**EXERCISE AIM**
What should come back is the data below, word for word, minus any picture.

**RECORDED INFORMATION**
★ ★ ★

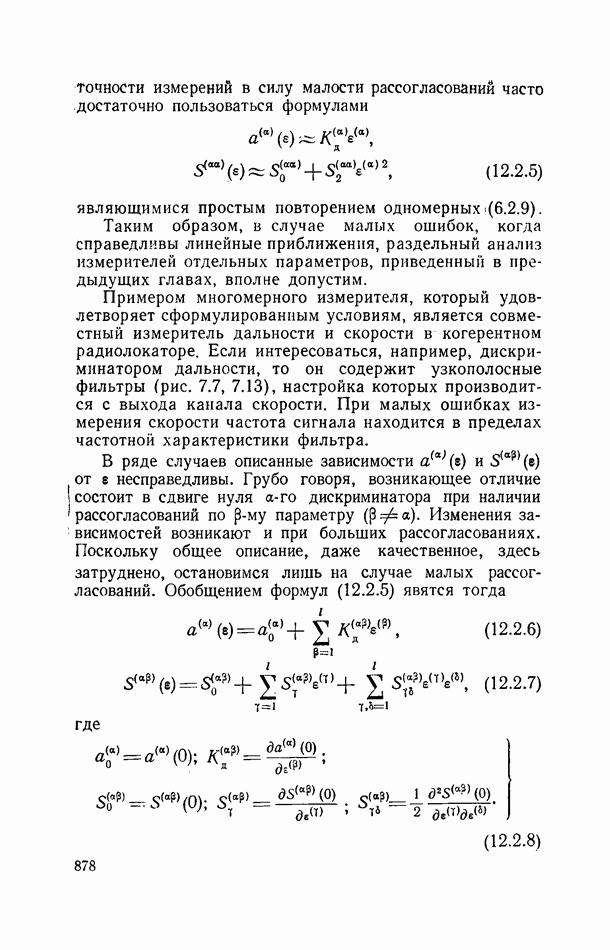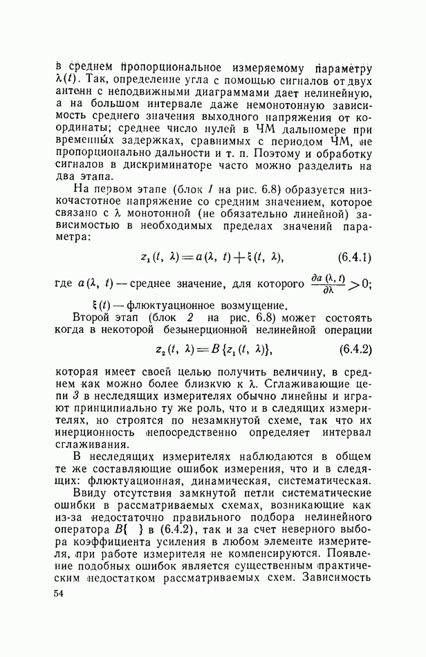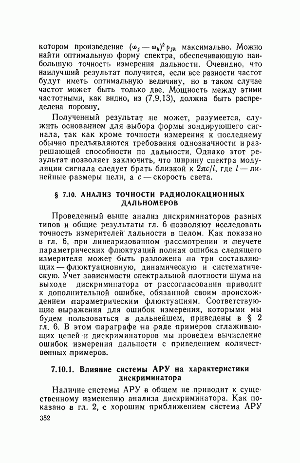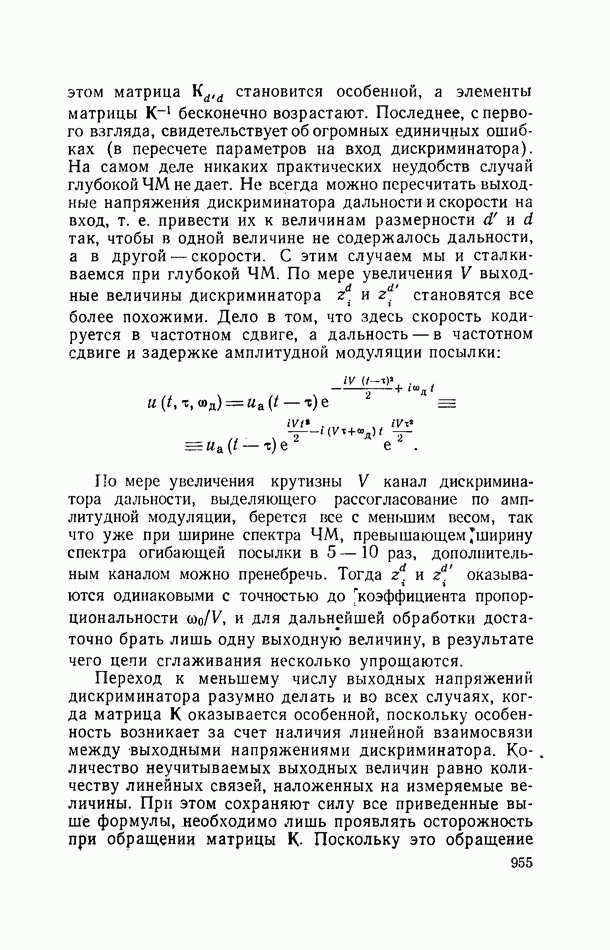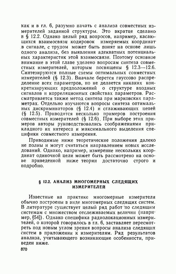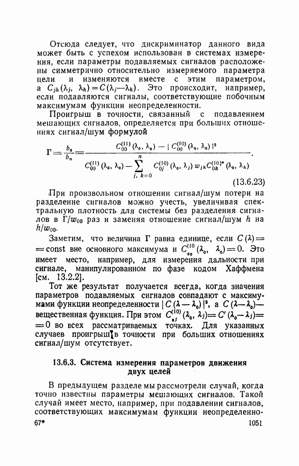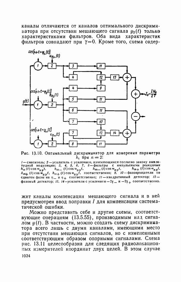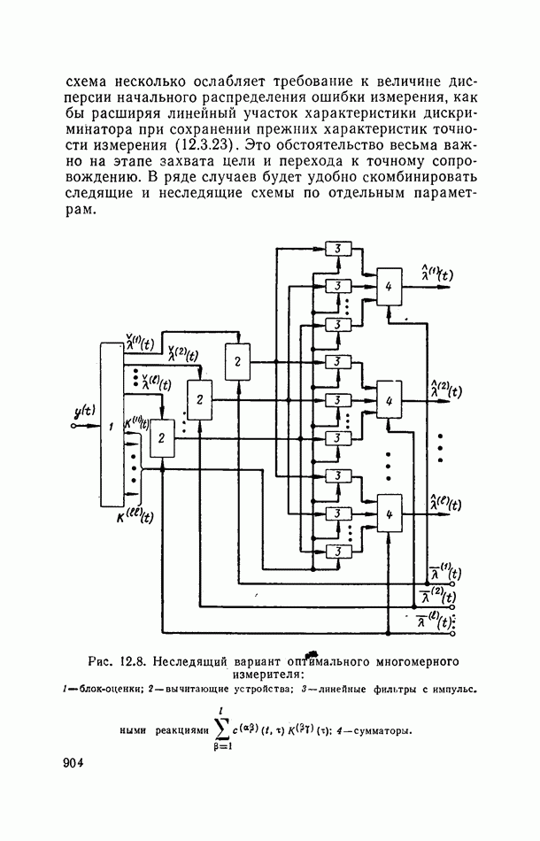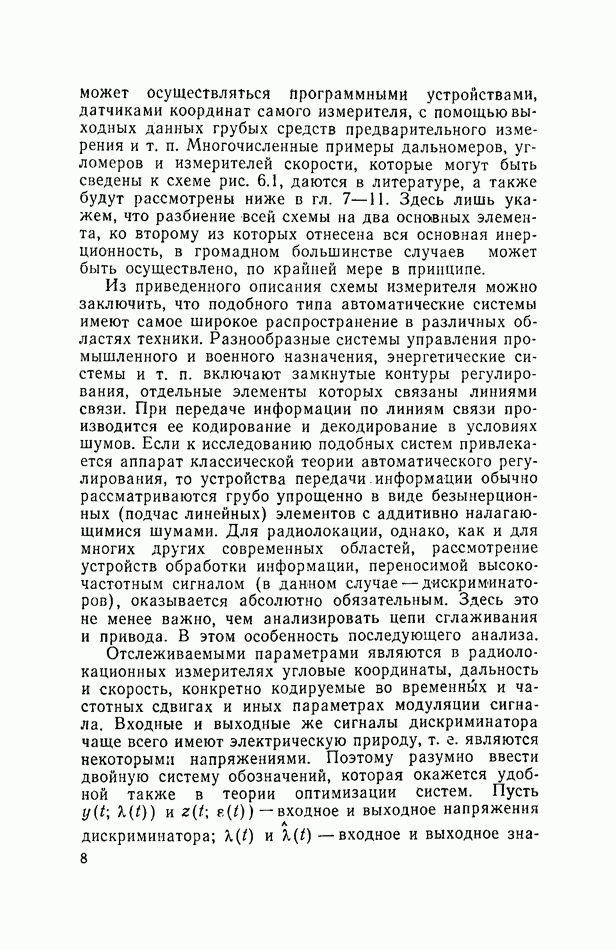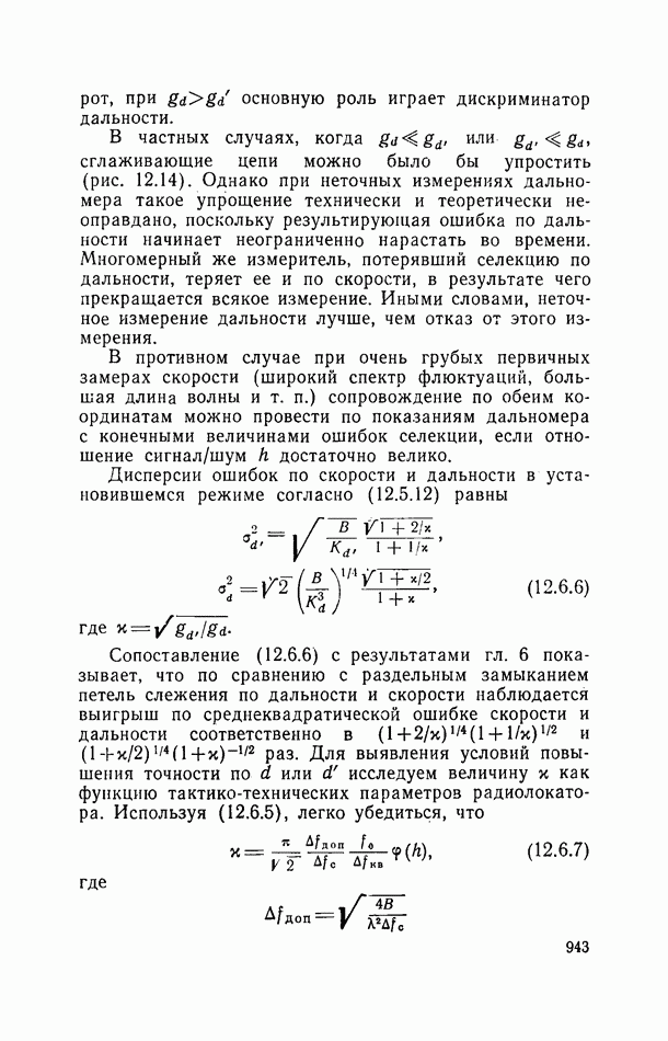 Если этот критерий применить для синтеза системы измерения координат в целом, то, как и в случае одной цели, при соблюдении некоторых не слишком ограничительных условий система разделится на две части. Первая из них — это дискриминатор в следящем варианте или блок оценки в неследящем варианте измерителя, т. е. система обработки высокочастотного сигнала, вырабатывающая текущую оценку измеряемого параметра (совокупности параметров)
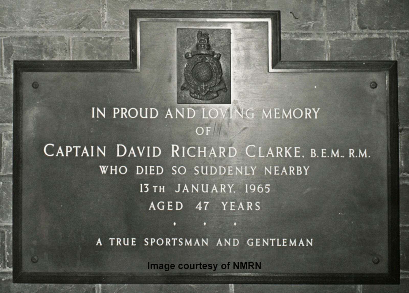 In proud and loving memory of Captain David Richard Clarke BEM RM who died so suddenly nearby, 13th January 1965, aged 47 years. A true sportsman and gentleman
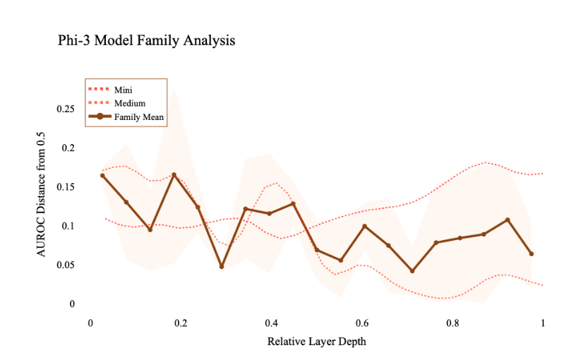 AUROC score vs. relative layer depth results of the Phi-3 model family.
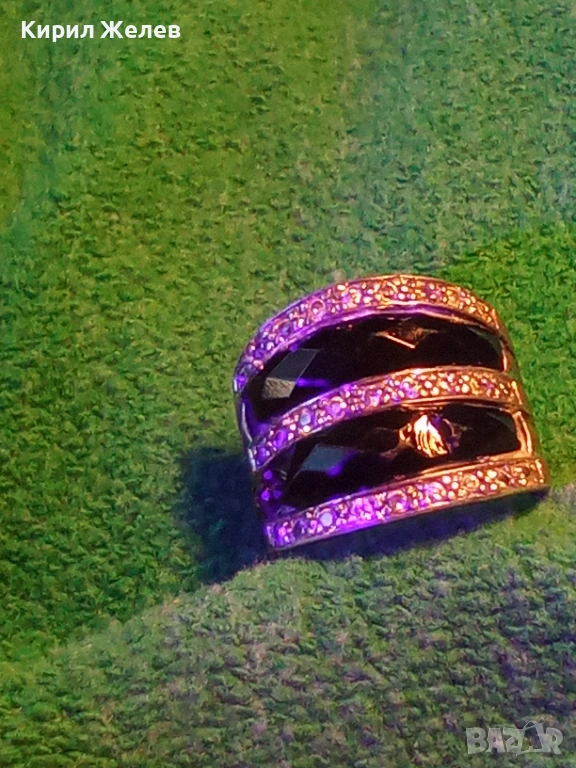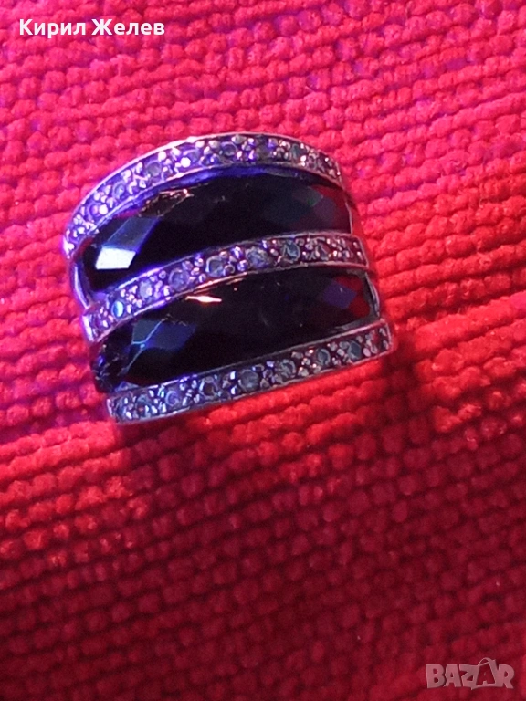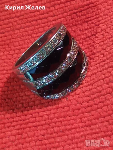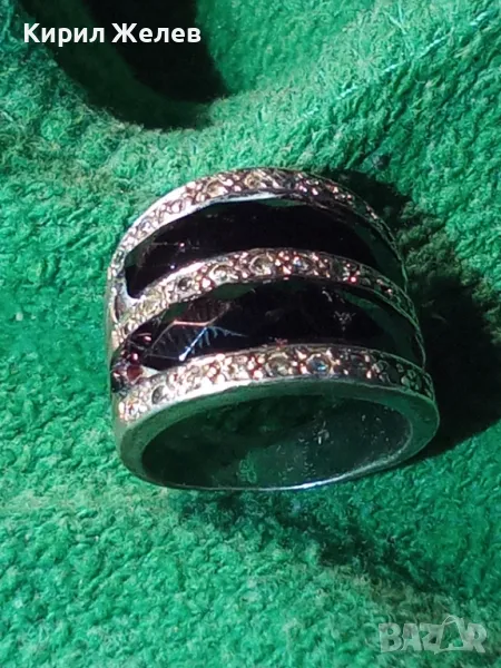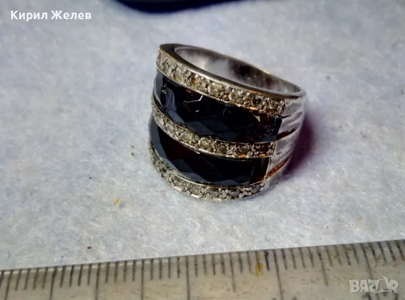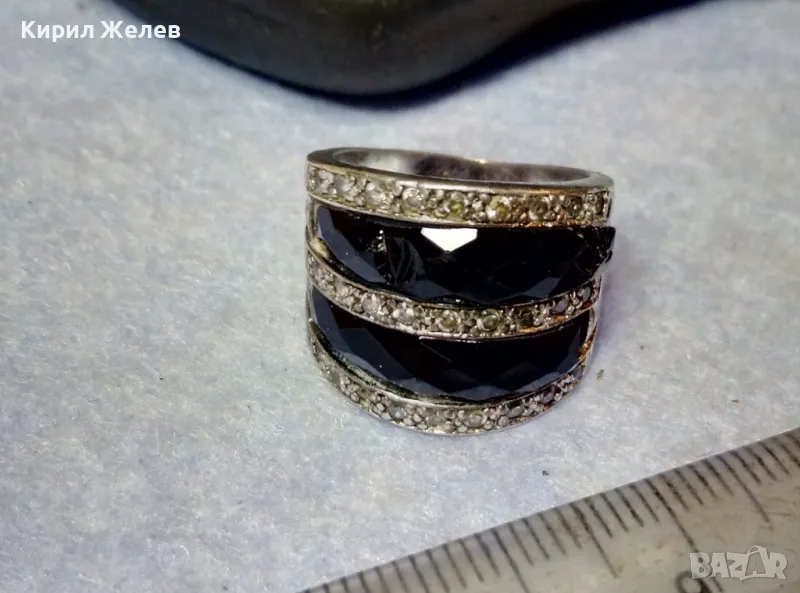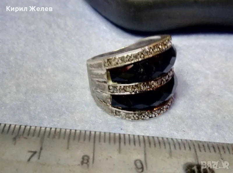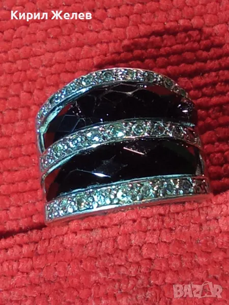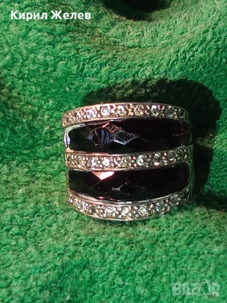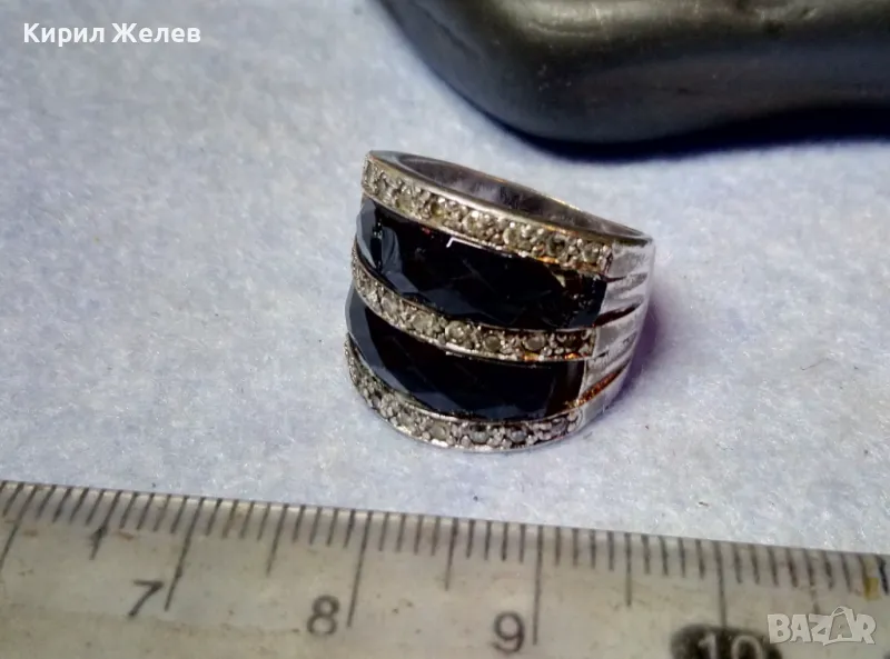СТАР ШИКОЗЕН СТИЛЕН СРЕБЪРЕН ПРЪСТЕН СРЕБРО 925 с ФАСЕТИРАН ОБСИДИАН и ИСКРЯЩИ ЦИРКОНИ 49309

★ ★ ★

**FINISHED EXERCISE**
 Если этот критерий применить для синтеза системы измерения координат в целом, то, как и в случае одной цели, при соблюдении некоторых не слишком ограничительных условий система разделится на две части. Первая из них — это дискриминатор в следящем варианте или блок оценки в неследящем варианте измерителя, т. е. система обработки высокочастотного сигнала, вырабатывающая текущую оценку измеряемого параметра (совокупности параметров)
 In proud and loving memory of Captain David Richard Clarke BEM RM who died so suddenly nearby, 13th January 1965, aged 47 years. A true sportsman and gentleman
 AUROC score vs. relative layer depth results of the Phi-3 model family.
СТАР ШИКОЗЕН СТИЛЕН СРЕБЪРЕН ПРЪСТЕН СРЕБРО 925 с ФАСЕТИРАН ОБСИДИАН и ИСКРЯЩИ ЦИРКОНИ 49309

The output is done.